The center of a sphere is a point in three-dimensional space that is equidistant from all points on the surface of the sphere. Imagine a perfect ball within three dimensions, and the center is, as you might expect, right in the middle.
In our exercise, the sphere's center is at the point \(1, 1, 1\).

• The coordinates given are \(h, k, l\), representing the position of the center in a 3D space.
• These coordinates tell us exactly where the middle of our sphere is located.

Understanding this point is essential because it is used in the equation of the sphere. You'll notice the equation \( (x - h)^2 + (y - k)^2 + (z - l)^2 = r^2 \) has \( h, k, l \) directly linked to the center of the sphere. Knowing the center helps in creating the equation needed to understand everything about the sphere, including how it fits and interacts within its 3D space.

The radius of a sphere is the fixed distance from its center to any point on its surface. Think about how you stretch a string from the center of a rubber ball to its edge; that length is the radius.
This specific measurement is crucial because it directly affects the sphere's size and shape in space. In our given problem, the radius is 2.
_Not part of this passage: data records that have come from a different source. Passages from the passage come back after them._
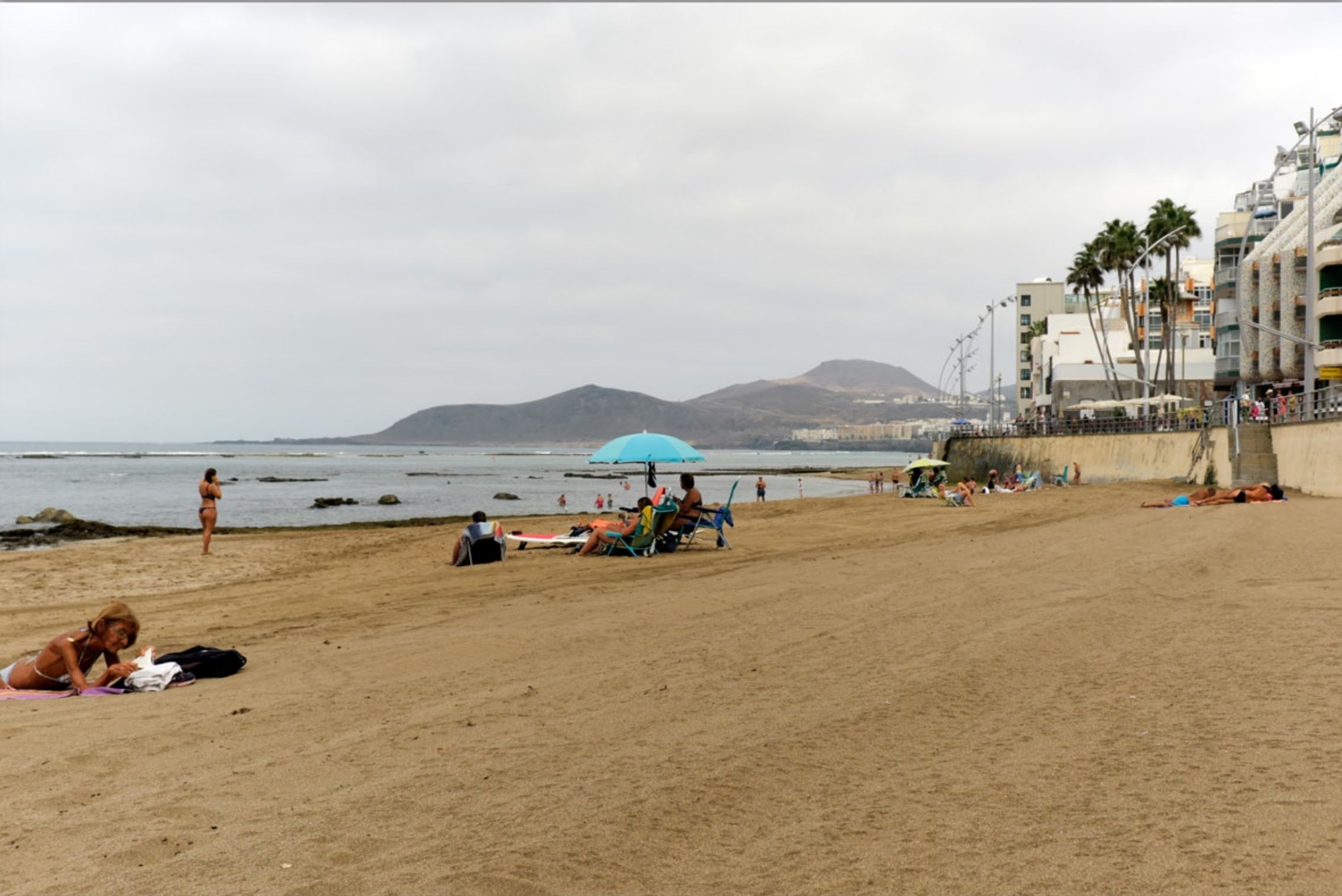
LAS PALMAS - Santa Catalina #Playa de Las Canteras (Strand & Promenade)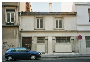
Vue est grande rue de la Guillotière IVR82_20046902922NUCA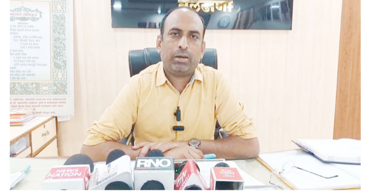
दैनिक आपला विदर्भ

बुलढाणा / प्रतिनिधी : देवाची करणी आणि नारळात पाणी असं म्हणतात ना त्यात तसला काही प्रकार बुलढाणा जिल्ह्यात दिसून आला आहे. आईच्या पोटात बाळ आणि त्या बाळाच्या पोटातही बाळ असेल असे शक्य नाही पण असे घडले आहेत. बुलढाणा जिल्हा सामान्य रुग्णालयात तीन दिवसांपूर्वी एका गर्भवती महिला सोनोग्राफी साठी जिल्हा सामान्य रुग्णालयात आली असता हा धक्कादायक प्रकार समोर आला आहे. ही ३२ वर्षीय महिला असून तिला याआधी दोन अपत्य आहेत. निसर्गाने मानवाची अशा प्रकारे रचना केली आहे की विशिष्ट वयानंतर आणि शरीर रचनेत बदल झाल्यानंतर फक्त महिलाच प्रजनन करू शकतात. मात्र, आईच्या पोटात बाळ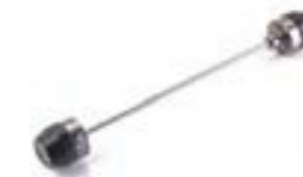
PROTECTORES DE HORQUILLA A9640099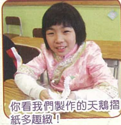
你看我們製作的天鵝摺紙多趣緻！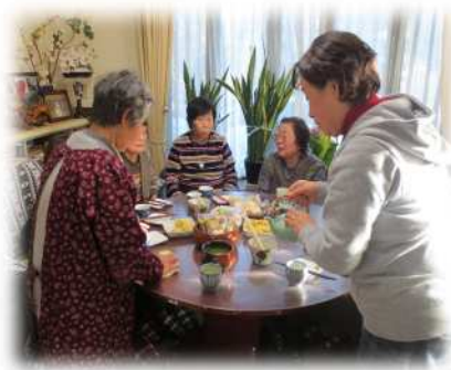
「お茶をしながらおしゃべり」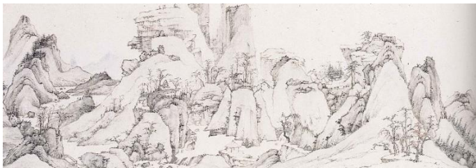
江山無尽図巻（部分） 漸江筆 清時代 泉屋博古館蔵 ※展示は10月25日（日）まで【前期展示】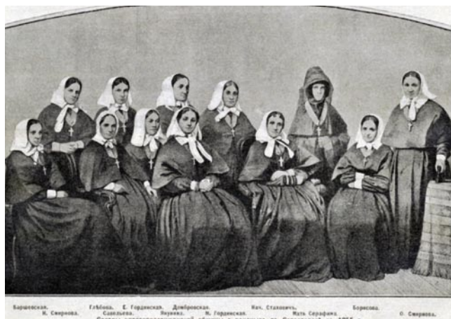
Рис. 7. Сёстры милосердия первого набора — Крестовоздвиженской общины, 1855 г, Севастополь.

цинской помощи пациентам в терминальном состоянии, которое стало прогрессирующим и/или неизлечимым. В рамках этого направления пациентам обеспечивается ряд медицинских, юридических, этических и духовных норм, многие из которых были заложены еще Пироговым.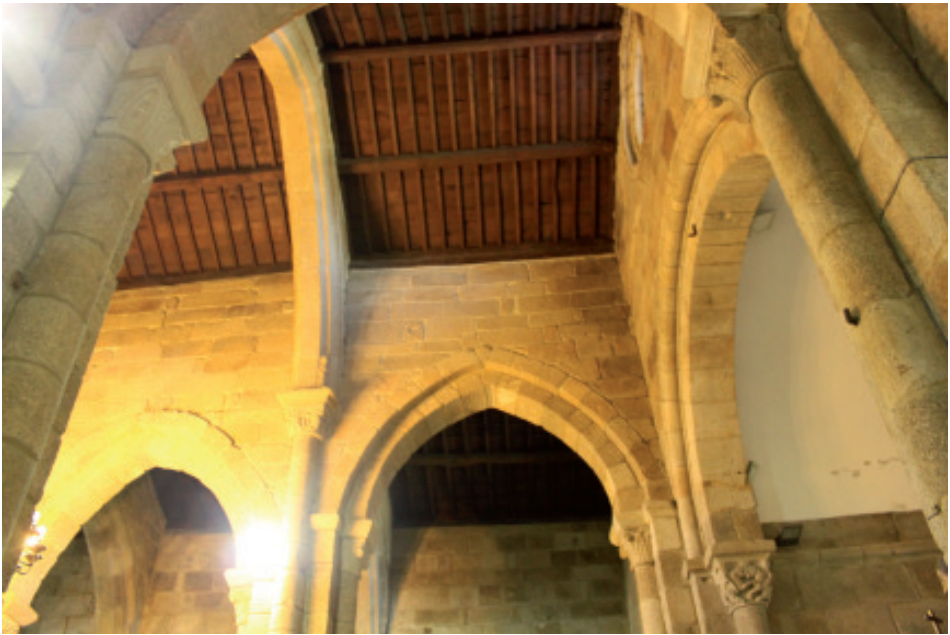
Interior da igrexa de San Salvador de Bergondo.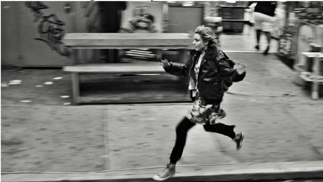
Figura 3. Cena do filme Frances Ha (2012)

As cenas em que Frances (figura 3) e Julie (figura 4) correm pela cidade, claramente satisfeitas por alguma decisão que tomaram, são bem claras nas ideias que querem transmitir. Os recursos visuais e sonoros utilizados reforçam os posicionamentos que assumiram: o de fazerem o que querem, independentemente de as consequências serem boas ou ruins. Frances Ha (2012) e A Pior Pessoa do Mundo (2021) trazem a representação de um feminino real e possível.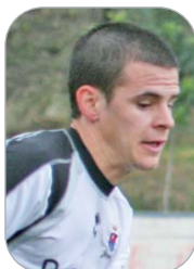
Canito A.D. San José

El lateral cañamero, que no se ha estrenado esta campaña a causa de una lesión, ha recaído de la misma y tendrá que pasar por el quirófano, por lo que se pierde casi la totalidad de la temporada. Es, junto a Pozo, el gran inédito azulino.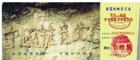
图：位于贵州省平塘县掌布风景区内的救星石景区的“藏字石”，石头上清晰可见的六个字是：中国共产党亡（此图为风景区门票）。

公平公正，这就像法；装入量器，一定保持水平，这就像正；它周到得无所不至，该到的地方，它都流到了，这就像明察；它无论发源何处，即使经历万千曲折也一定要向东流，这就像有志向；它可出可进，无论到哪里，都能把那里的万物净化，这就像是善于教化。这些就是君子见到大水一定要看的原因吧。”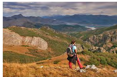
Bajo la cima, con el pantano al fondo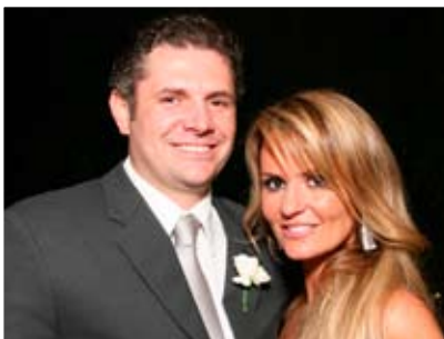
Wis dipsusto cor iustrud dolor susci et lum vel ing ent prat utatie min henim amconsequam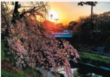
第21回さくら大賞 受賞作品「夕桜」

※サクラの花だけを被写体とした写真、人物が主体となった写真は応募の対象となりません。詳細は募集要項をご確認ください。

• The equation \( (x - h)^2 + (y - k)^2 + (z - l)^2 = r^2 \) uses the radius squared \( r^2 \)
• So, with a radius of 2, you'll calculate \( r^2 = 2^2 = 4 \).

This number, 4, is used in the equation to define the space the sphere occupies. The radius being squared means even a small change in the radius will significantly affect the sphere's volume and boundary, a concept highly relevant in mathematical and real-world applications.

Three-dimensional geometry is all about shapes and figures that have depth, width, and height. In the realm of 3D geometry, spheres are a perfect representation of symmetry and balance. They create a seamless boundary all around their center.
Understanding 3D geometry includes being able to visualize these shapes within a space that extends in three directions. For our sphere, we work in a space with coordinates \(x, y, z\), giving us a full picture of where the sphere 'lives' and 'breathes.'

• A sphere is defined not just by its center and radius but by how it interacts with the surrounding 3D space.
• It is a fundamental part of studying how shapes behave beyond the plane.

Equations like \( (x - h)^2 + (y - k)^2 + (z - l)^2 = r^2 \) allow us to explore how these figures relate to each other, paving the way for more advanced studies in fields like physics, engineering, and computer graphics.